-- Available data follows --
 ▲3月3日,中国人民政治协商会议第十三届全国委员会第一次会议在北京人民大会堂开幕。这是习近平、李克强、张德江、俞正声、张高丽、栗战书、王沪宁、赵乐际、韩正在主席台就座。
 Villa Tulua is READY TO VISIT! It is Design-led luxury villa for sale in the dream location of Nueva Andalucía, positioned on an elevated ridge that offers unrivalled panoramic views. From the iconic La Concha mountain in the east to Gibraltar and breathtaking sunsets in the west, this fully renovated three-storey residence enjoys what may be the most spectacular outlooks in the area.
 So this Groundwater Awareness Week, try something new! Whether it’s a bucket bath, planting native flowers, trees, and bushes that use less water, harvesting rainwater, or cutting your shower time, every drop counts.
-- Available data concluded --
Copy task. Give back the whole listing exactly as written.

 ▲3月3日,中国人民政治协商会议第十三届全国委员会第一次会议在北京人民大会堂开幕。这是习近平、李克强、张德江、俞正声、张高丽、栗战书、王沪宁、赵乐际、韩正在主席台就座。
 Villa Tulua is READY TO VISIT! It is Design-led luxury villa for sale in the dream location of Nueva Andalucía, positioned on an elevated ridge that offers unrivalled panoramic views. From the iconic La Concha mountain in the east to Gibraltar and breathtaking sunsets in the west, this fully renovated three-storey residence enjoys what may be the most spectacular outlooks in the area.
 So this Groundwater Awareness Week, try something new! Whether it’s a bucket bath, planting native flowers, trees, and bushes that use less water, harvesting rainwater, or cutting your shower time, every drop counts.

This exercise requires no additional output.